Buena parte de los políticos han dejado de pensar, dialogar, convenir y actuar para dedicarse al deporte de confrontar. Han encontrado la manera de andar en la boca de la gente no a través de su trabajo que es acercar posiciones y tomar decisiones sino a través de hacer declaraciones. Mientras más estridentes mejor. El caminito les está resultando. Con cada vez mayor frecuencia se premian los dichos y con cada vez mayor frecuencia las declaraciones toman el lugar de la información. Mientras más desvergonzadas más posibilidad de ganar la primera plana.

No sé cuántos puntos en conocimiento (name recognition) haya ganado Moreira afirmando que sacaría de los Pinos a tepocatas y víboras prietas, llamando a los secretarios ninis porque «ni saben ni pueden», acusando a los panistas de «cínicos y fracasados», diciendo del secretario Lozano que «lo sano es que no hable» porque «su barriguita se llenó del salario de ese pasado del que habla» o tildando al secretario Lujambio de «corto de mente». No sé cuántos aplausos se habrá llevado él por contestarle que es un «protagonista cavernario» o el resto de los secretarios por bailar al son que les toca Moreira. No sé tampoco cuánto le reditúe a López Obrador repetir hasta la saciedad que el presidente Calderón es un mafioso o a éste acusar a la izquierda de irracional y violenta. Lo que sí sé es que estos intercambios de palabras en nada contribuyen al debate público, que entretienen pero no informan y que frivolizan la política.

El debate es el intercambio razonado y razonable de puntos de vista para convencer sobre el mejor curso de acción. Nuestros políticos ni debaten, ni razonan, ni convencen, ni actúan. Declaran lo primero que les viene a la mente.

No hay esperanza de que esto cambie. Con las elecciones en puerta los políticos se encargarán de enrarecer más el ambiente con sus descalificaciones, de polarizar a la sociedad con sus posturas y de atentar contra cualquier posibilidad de un debate inteligente e informado.

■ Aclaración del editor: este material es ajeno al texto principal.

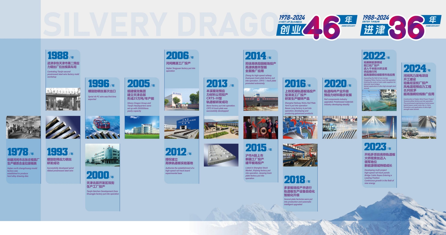2013年,本溪银龙预应力材料有限公司成立,自2013年起连续三年向辽西北水利工程供应PCCP管用钢丝30余万吨。6月26日,中国铁路总公司组织的《CRTSIII型先张法预应力混凝土轨道板技术研讨会》在银龙轨道公司举行,会议充分肯定先期的试验成果。

Es inútil apelar -sería predicar en el desierto- a un mínimo sentido de la responsabilidad pública que se deberían autoimponer los propios políticos si no quieren ver cómo sigue desplomándose en las encuestas el poco aprecio que les tiene la población y cómo sigue subiendo el número de ciudadanos que ya no se identifica con ninguno de ellos.

También es absurdo pretender limitar la libertad de expresión como lo ha querido hacer con total ausencia de sentido común y nula eficacia el artículo 41 de la Constitución prohibiendo «expresiones que denigren a las instituciones y a los partidos políticos o que calumnien a las personas». Ni los políticos se van a moderar por sí mismos ni las normas van a cambiar su comportamiento.

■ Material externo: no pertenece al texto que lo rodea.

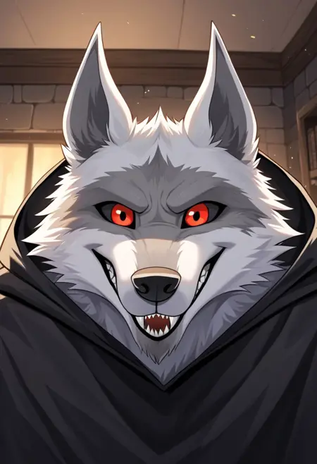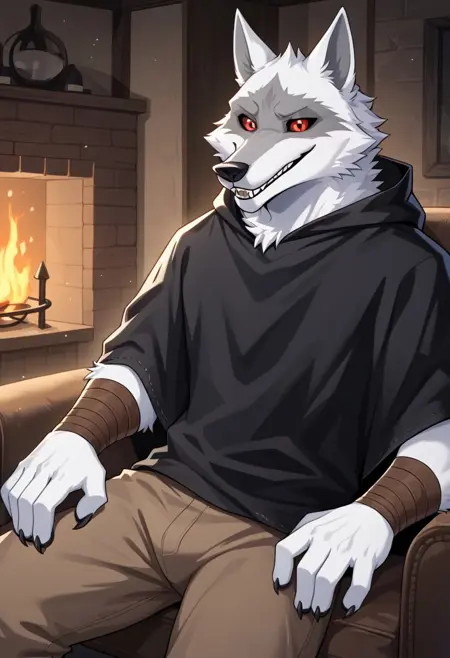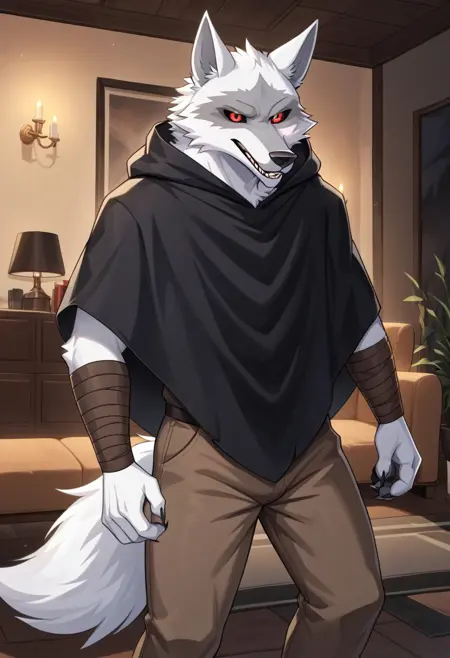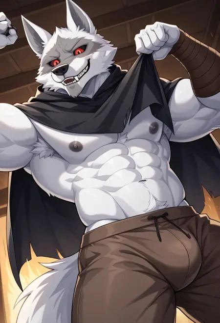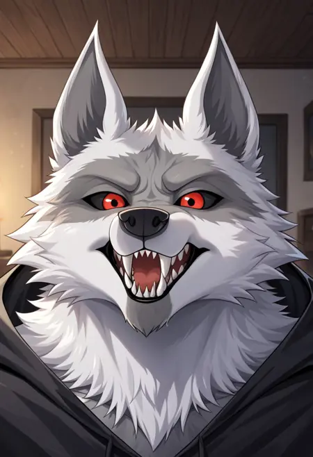 Anthro,Deathwolf, Wolf, Black Sclera, Red Eyes, white fur,sharp teeth,wolf ears

Pero desde otras trincheras se pueden hacer cosas. Los medios pueden seguir haciendo el caldo gordo a los políticos rijosos y sus declaraciones banales pero también condenarlas al ostracismo. Pueden dejar de cubrir sus gracejadas, sus improperios y sus banalidades. Al menos, no darles el relieve que se les da todos los días poniéndolos en las primeras planas, en los encabezados o en los titulares de los noticieros.

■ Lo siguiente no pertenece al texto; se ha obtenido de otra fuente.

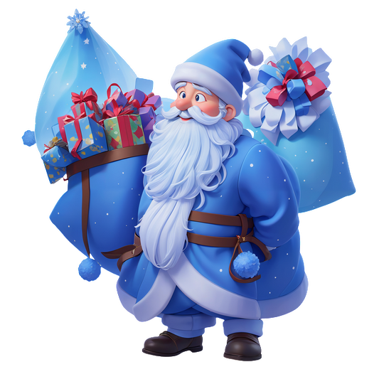 Un alegre Papá Noel vestido de azul lleva dos sacos festivos llenos de regalos coloridos, difundiendo alegría y encanto navideños. Transferencias DTF
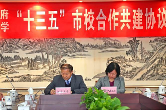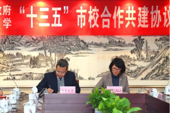 汪泉市长与陈坚校长签署《“十三五”市校合作共建协议》

No se trata de atender al llamado a no «derrotar el ánimo nacional» o al de publicar buenas noticias, tampoco se trata de generar una buena imagen de México a través de pintar a políticos que no tenemos. Mucho menos de dejar de informar. Pero, ¿publicar las declaraciones de los políticos es informar?

Se trata de elevar el debate público, de forzar a los políticos a que se definan sobre ciertos temas, de cerrarle la puerta a las fanfarronadas y abrírsela a las definiciones, de elevarles el costo de confundir la política con la declaración, de confrontar sus dichos con sus actos, de demoler sus dogmas con realidades, de rebatir sus ficciones con datos. Se trata de fijarles la agenda, de exigirles rigor, de llamarlos a cuenta, de decirles que las primeras planas se ganan con hechos no con declaraciones.

Sabemos que la estridencia y el escándalo atraen lectores y audiencias y que el espectáculo genera más ventas que otros géneros de periodismo, pero si no los forzamos los medios, ¿quién va a hacerlo?